Il arrive que dans le grésillement d’un feu d’artifice, à travers le bombardement nocturne des étoiles, des fusées, des bombes solaires, nous voyions tout à coup se révéler à nos yeux dans une lumière d’hallucination, venus en relief sur la nuit, certains détails du paysage : arbres, tours, montagnes, maisons, dont l’éclairage et dont l’apparition demeureront définitivement liés dans notre esprit avec l’idée de ce déchirement sonore ; il n’est pas possible de mieux exprimer cette soumission des aspects divers du paysage au feu manifesté dans le ciel, qu’en disant que bien qu’ils possèdent leur lumière propre, ils demeurent malgré tout en relation avec lui, comme des sortes d’échos ralentis, comme de vivants points de repère nés de lui et placés là pour lui permettre d’exercer toute sa force de destruction.

Il y a d’ailleurs dans la façon dont le peintre décrit ce feu quelque chose d’affreusement énergique et de troublant, comme un élément encore en action et mobile dans une expression immobilisée.

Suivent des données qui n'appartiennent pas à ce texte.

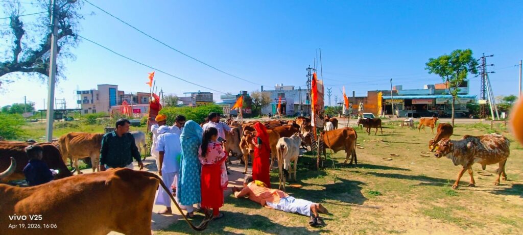 उन्होंने नगर एवं क्षेत्र के लिए शांति एवं विकास की कामना की इस अवसर पर शाम को सामूहिक प्रसादी का आयोजन भी किया गया जहां लोगों ने गौ दर्शन कर प्रसादी प्राप्त की।
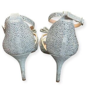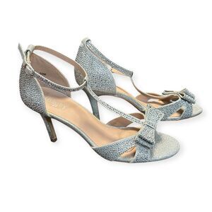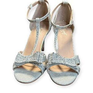 JELLYPOP Women’s Silver Glitter Rhinestone Bow Keelin High Heel Sandals Size 10M

Peu importe par quels moyens cet effet est atteint, il est réel ; il suffit de voir la toile pour s’en convaincre.

Quoi qu’il en soit, ce feu dont nul ne niera l’impression d’intelligence et de méchanceté qui s’en dégage, sert, par sa violence même, de contrepoids dans l’esprit à la stabilité matérielle et pesante du reste.

Entre la mer et le ciel mais vers la droite, et sur le même plan en perspective que la Tour Noire, s’avance une mince langue de terre couronnée d’un monastère en ruine.

Cette langue de terre, si proche qu’elle paraisse du rivage sur lequel se dresse la tente de Loth, laisse place à un golfe immense dans lequel semble s’être produit un désastre maritime sans précédent. Des vaisseaux coupés en deux et qui n’arrivent pas à couler s’appuient sur la mer comme sur des béquilles, laissant de toutes parts flotter leurs mâtures arrachées et leur espars.